#### Records for processing
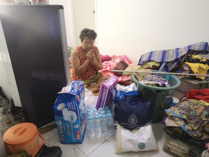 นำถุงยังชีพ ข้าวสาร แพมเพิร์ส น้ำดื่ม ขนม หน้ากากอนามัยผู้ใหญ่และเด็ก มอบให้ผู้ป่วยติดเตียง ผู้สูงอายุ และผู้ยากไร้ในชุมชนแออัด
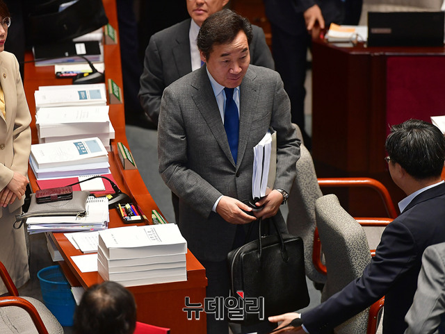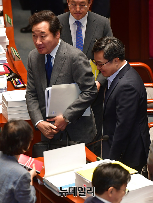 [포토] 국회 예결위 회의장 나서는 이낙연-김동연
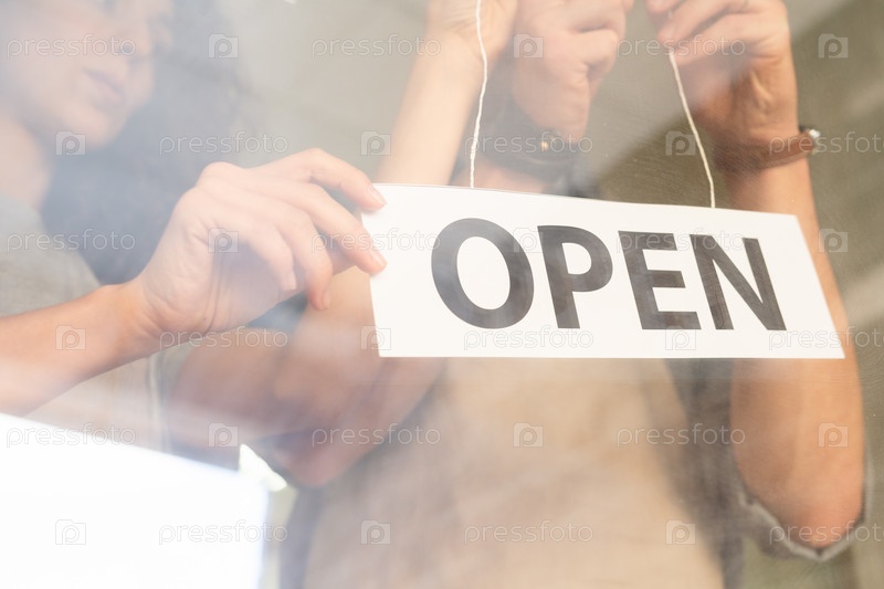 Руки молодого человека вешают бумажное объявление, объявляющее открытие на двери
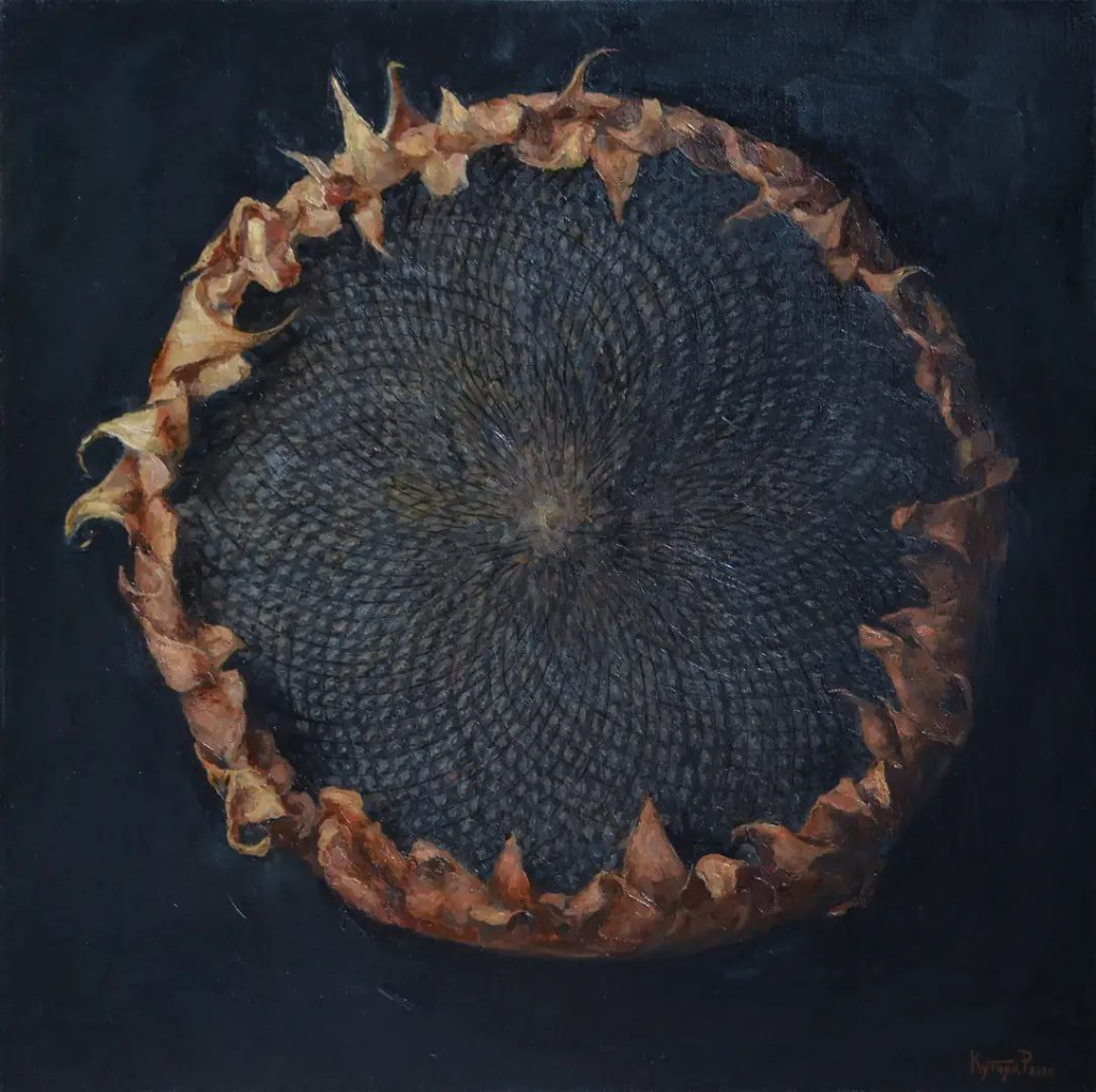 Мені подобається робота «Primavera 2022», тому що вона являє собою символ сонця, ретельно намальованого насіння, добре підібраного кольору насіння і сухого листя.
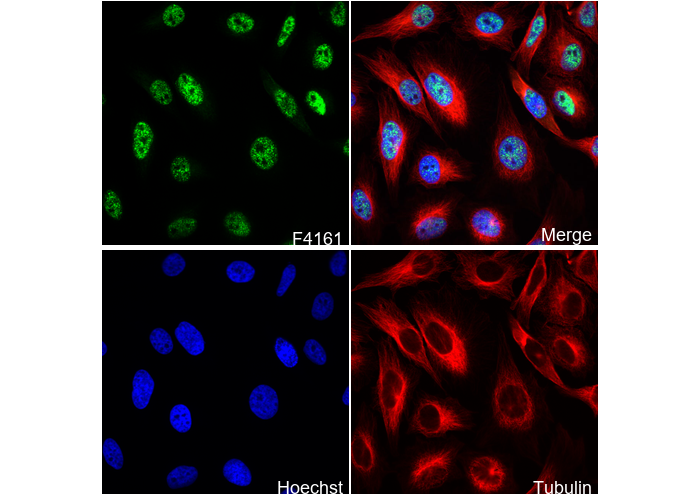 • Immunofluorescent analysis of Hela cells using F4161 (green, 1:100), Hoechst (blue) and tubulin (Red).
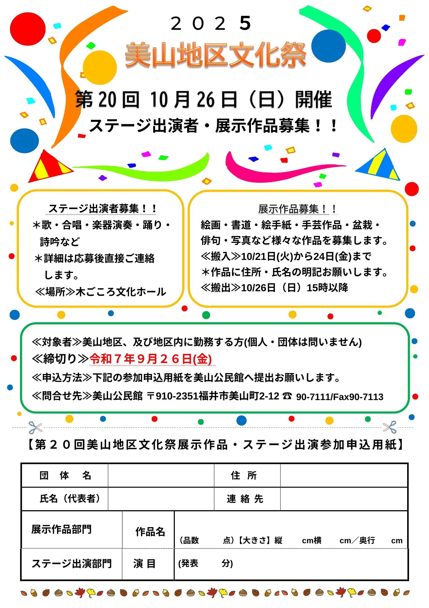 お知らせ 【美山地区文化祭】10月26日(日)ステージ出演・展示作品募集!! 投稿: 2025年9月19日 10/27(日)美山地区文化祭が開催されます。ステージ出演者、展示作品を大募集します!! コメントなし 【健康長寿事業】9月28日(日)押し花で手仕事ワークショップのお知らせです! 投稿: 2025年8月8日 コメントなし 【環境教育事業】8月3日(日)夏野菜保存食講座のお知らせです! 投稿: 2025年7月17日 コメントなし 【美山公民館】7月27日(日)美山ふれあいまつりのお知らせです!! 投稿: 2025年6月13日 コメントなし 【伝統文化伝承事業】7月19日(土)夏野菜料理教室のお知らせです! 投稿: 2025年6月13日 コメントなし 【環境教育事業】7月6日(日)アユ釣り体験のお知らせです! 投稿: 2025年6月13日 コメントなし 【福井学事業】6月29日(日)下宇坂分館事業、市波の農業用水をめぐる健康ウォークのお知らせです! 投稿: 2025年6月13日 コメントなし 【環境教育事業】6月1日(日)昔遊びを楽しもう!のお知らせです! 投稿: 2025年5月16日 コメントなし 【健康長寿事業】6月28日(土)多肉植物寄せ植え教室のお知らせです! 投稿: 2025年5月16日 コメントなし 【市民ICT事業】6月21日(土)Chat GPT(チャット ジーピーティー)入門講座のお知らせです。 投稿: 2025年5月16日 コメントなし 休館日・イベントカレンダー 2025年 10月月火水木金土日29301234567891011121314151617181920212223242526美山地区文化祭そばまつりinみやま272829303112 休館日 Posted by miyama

#### Assignment
Find the line with "Руки молодого человека" in the data above, and from there retype each line exactly through the line with "and tubulin (Red).", skipping the pictures along the way.

#### Response
 Руки молодого человека вешают бумажное объявление, объявляющее открытие на двери
 Мені подобається робота «Primavera 2022», тому що вона являє собою символ сонця, ретельно намальованого насіння, добре підібраного кольору насіння і сухого листя.
 • Immunofluorescent analysis of Hela cells using F4161 (green, 1:100), Hoechst (blue) and tubulin (Red).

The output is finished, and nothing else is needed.